DataHeroes is a fast-growing technology company founded by serial entrepreneurs that is building the first database for machine learning and data science to help significantly improve model quality and reduce the time it takes to build them. DataHeroes is backed by top VCs, one of which is AI Fund, led by professor Andrew Ng, who was the head of Google brain, chief scientist at Baidu, founder of Coursera and is one of the top thought leaders in data science. The company is building a new Python machine learning library, which will allow data scientists, data analysts and machine learning engineers to take a small sample of their entire dataset, while still maintaining its statistical properties, including the edge cases, so that models built on the small sample will provide the same quality as models built on the entire dataset. The small sample is kept in a unique data structure, which allow its users to perform any operation they need to, such as data exploration, data cleaning, data labeling, feature extraction, model training, validation and testing, explainability and more, in a fraction of the time they’re used to invest today in these operations.

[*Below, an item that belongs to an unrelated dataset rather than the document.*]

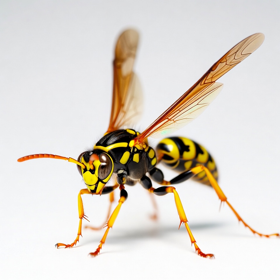 A detailed yellow jacket wasp with black and yellow striped body stands on a plain white background. Its wings are partially spread, revealing translucent sections, and its large compound eyes and antennae are prominently visible. The insect's legs are extended, showcasing its orange-tinted tarsi.

We’re looking for a Python Developer which will be part of a small and proficient team. The person will be working with different databases and different cloud providers and will also develop and handle machine learning engineering-related items
- Education – B.A. or B.Sc. in computer science or an equivalent field from one of the leading academic institutes;
- At least 3 years of Python experience;
- Experience working with cloud environments (AWS, Google, Azure);
- Experience working with SQL and NoSQL Databases;
- Excited to tackle difficult research questions;
- Proficiency in English – writing, reading and speaking.

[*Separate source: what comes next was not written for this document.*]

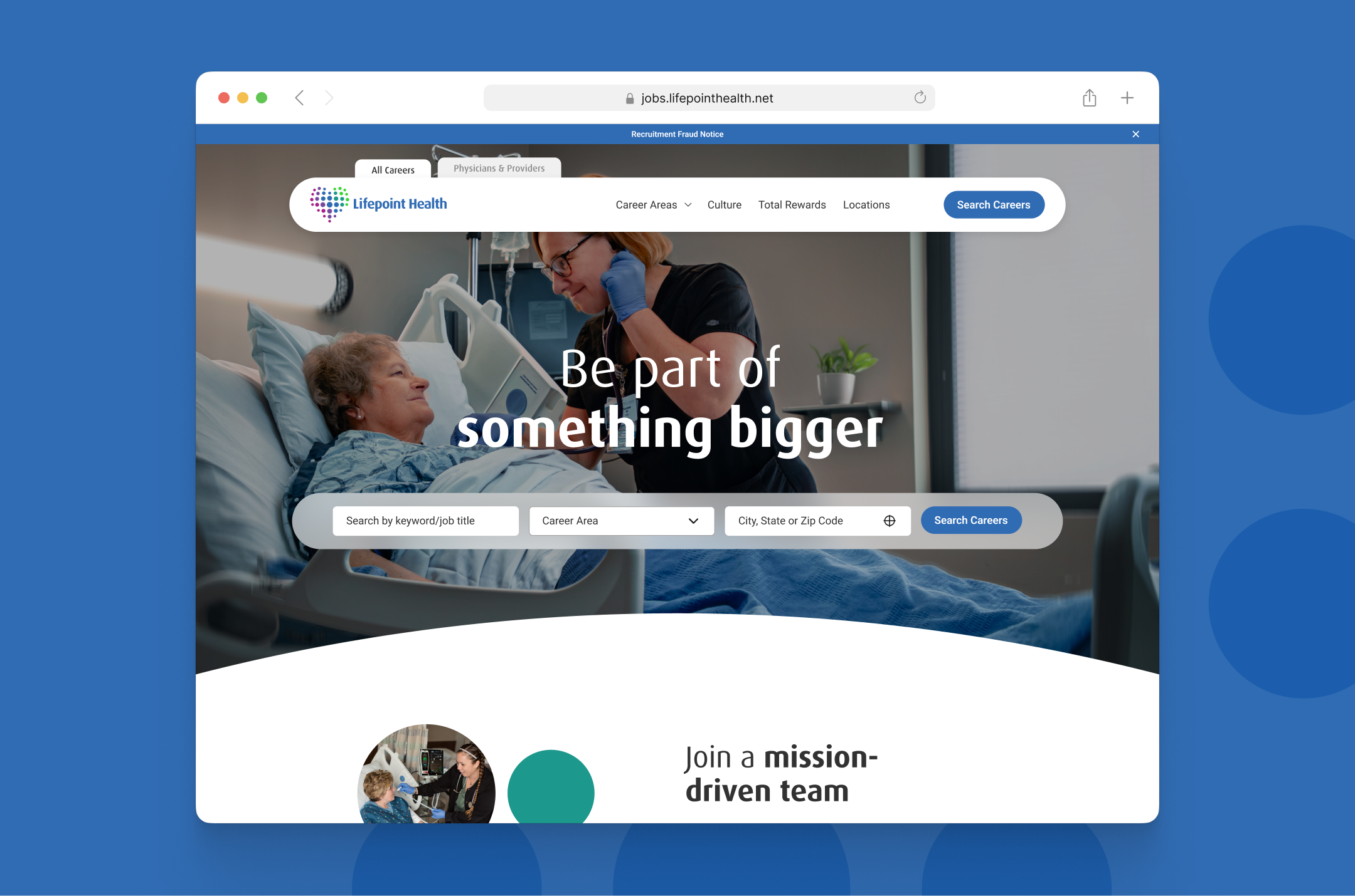 Lifepoint Health, a leading healthcare organization with 140+ facilities nationwide, needed a modern, unified career site that reflected its most authentic culture. We set out to create a more streamlined and inspiring destination that showcased their employer brand while simplifying the path to apply.

- Integrating the DataHeroes library with various SQL and No-SQL databases and with various cloud environments (AWS, GCP, Azure, etc.);
- Enhancing the DataHeroes library functionality by adding new features and capabilities to the unique DataHeroes data structure, such as cross validation support and adding/removing features to/from the dataset;
- Identifying new datasets across a variety of domains (computer vision, NLP, fraud detection, churn prediction, etc.) to test the library across various use cases, identify its bottlenecks and improving its performance;
- Participating in the development of cluster computation using Spark and similar technologies.
- Joining a small and unique startup at the beginning of its journey and being part of the team designing and shaping the company’s solution;
- The employees joining us would be entitled for company options;
- Participating once or twice a year in company events, usually abroad, in which all company employees get to meet each other face-to-face and have fun.